Digital Realty breaks ground on new Sydney data centre

SYD11 to offer double the space and power of existing Erskine Park data centre

Krupal Raval, CFO APAC, Digital Realty, and NSW MP Tanya Davies, minister for mental health, minister for women and minister for ageing, at the site of the new data centre.

Krupal Raval, CFO APAC, Digital Realty, and NSW MP Tanya Davies, minister for mental health, minister for women and minister for ageing, at the site of the new data centre.

NYSE-listed Digital Realty has broken ground on a new Sydney data centre at Erskine Park.

The new Sydney 11 data centre — SYD11 — will be adjacent to the company’s existing SYD10 facility. The company also operates a North Ryde data centre, SYD12, and two data centres in Melbourne (MEL10 and MEL11).

The decision to build a new data centre is a product of the high level of utilisation of the company’s existing facilities coupled with the fact that a number of Digital Realty’s global top-tier clients are looking to grow “in a very big way” in Australia, the company’s CFO for APAC, Krupal Raval, told Computerworld.

“In Sydney we’re at 99.8 per cent full — so effectively 100 per cent full — even in Melbourne, we’re at 92 per cent,” the CFO said. “So if you look at it on a weighted average for the entire country, we’re at 95.9 per cent.”

The 16,360 square metre SYD11 data centre will offer 14 megawatts of power.

“The first Sydney 10 building was 86,000 square feet and the new one will be more than double that at 176,000 square feet,” the CFO said. “If you’re measuring it in megawatts of power, it’s also roughly doubled. The reason we’re building at that scale is really elementary: Major cloud service providers have huge growth expectations for this region and we’re just mirroring that and investing our capital to reflect their growth.”

Peter Adcock, Digital Realty’s APAC vice-president, design and construction, said that the data centre would use the latest economiser units from Vertiv for cooling. “Their pumped refrigerant economisers are giving us a PUE of about 1.35 for this site; so that is without using any water and it gives us a high level of resilience with a very granular performance,” Adcock said.

Construction of the building is expected to take around 12 months and employ up to 500 local contractors, Digital Realty said.

“This building was originally designed and permitted to be built in two phases; however after discussions with the pipeline of potential tenants and also the builders, we’re probably looking to build the shell of the whole building all at once and then we’ll fit out the internal modules,” Adcock said.

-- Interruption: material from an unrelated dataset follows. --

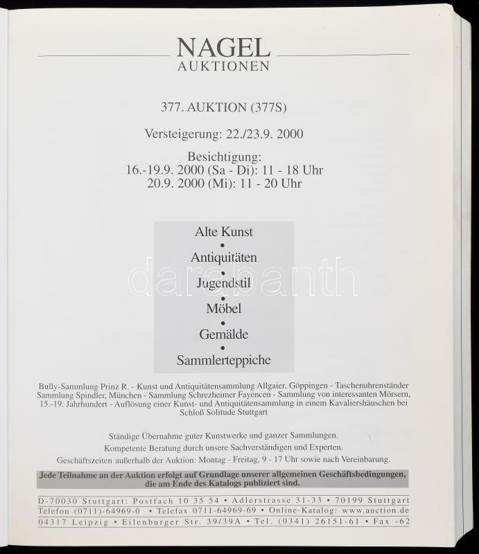 Nagel aukciós katalógus, vegyes régiségek témában, 707 oldal, 2000

The facility will be based on Digital’s Turn-Key Flex PODs (‘performance optimised data centres’).

“We’ll be progressively fitting out those as the tenants commit because they sometimes request a slightly different variant on the configuration,” Adcock said. “Once we’ve got the building up, which is a 12-month process, that’ll include a standard fit out of the first POD.”

After that there is around a 20-week turnaround for PODs, which Adcock said was thanks to Digital’s global approach to procurement, with its strategic vendors having stock ready for the company.

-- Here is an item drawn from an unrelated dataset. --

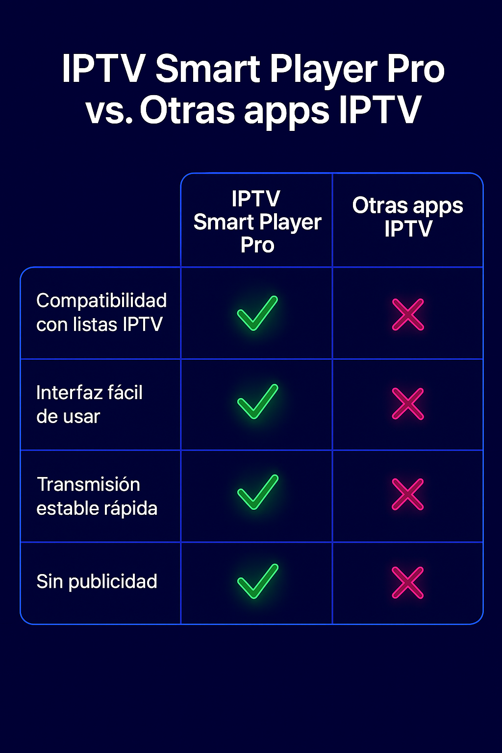 Si estás buscando una aplicación IPTV estable, elegante y potente, IPTV Smart Player Pro es la respuesta. Olvídate de aplicaciones llenas de errores o con anuncios molestos, y cambia a una experiencia premium.

Adcock said that because SYD11 is adjacent to SYD10 in Erskine Park there are already conduits at the boundary of the existing facility ready to connect to the new data centre, so there won’t be any delay waiting for new fibre to be rolled out.

“We can leverage off the back of Sydney 10 and get immediate connectivity to half a dozen different carriers,” he said.

Although he wouldn’t be drawn on plans for additional facilities in Australia, Raval told Computerworld: “I think there’s a lot of very interesting markets — in Asia Pac broadly speaking but in Australia specifically — that I think we’re extremely well position ted to grow in.”

Raval said that once Digital Realty’s merger with DuPont Fabros is closed off, the company would have an enterprise value of US$34 billion — “which would make us one of the 10-largest real estate companies in the world,” the CFO said.

That scale delivers cost of capital advantages and Digital has a $2 billion line of credit allowing it to deploy capital into a range of markets around the world, Raval said.

“So a combination of our financial strengths as well as the depth of our relationships means that if any of these major cloud providers want to grow globally, it’s quite logical that they would want to come to a provider where they can easily contract; they can wash, rinse, repeat from prior contracts etc. It puts us at a nice advantage for being able to go to any market in the world, frankly.”

In Melbourne the company already owns a land bank adjacent to MEL10 and MEL11 that can support future expansion.

“To put it into perspective: The land that we’ve got at MEL12 would enable us to do a similar size as Sydney 11, which we think of as our ‘second generation’ in Australia,” Adcock said.

Omer Wilson, senior director of marketing APAC at Digital Realty; NSW MP Tanya Davies; Krupal Raval, CFO APAC at Digital Realty; and Peter Adcock, VP design and construction APAC at Digital Realty.
Omer Wilson, senior director of marketing APAC at Digital Realty; NSW MP Tanya Davies; Krupal Raval, CFO APAC at Digital Realty; and Peter Adcock, VP design and construction APAC at Digital Realty.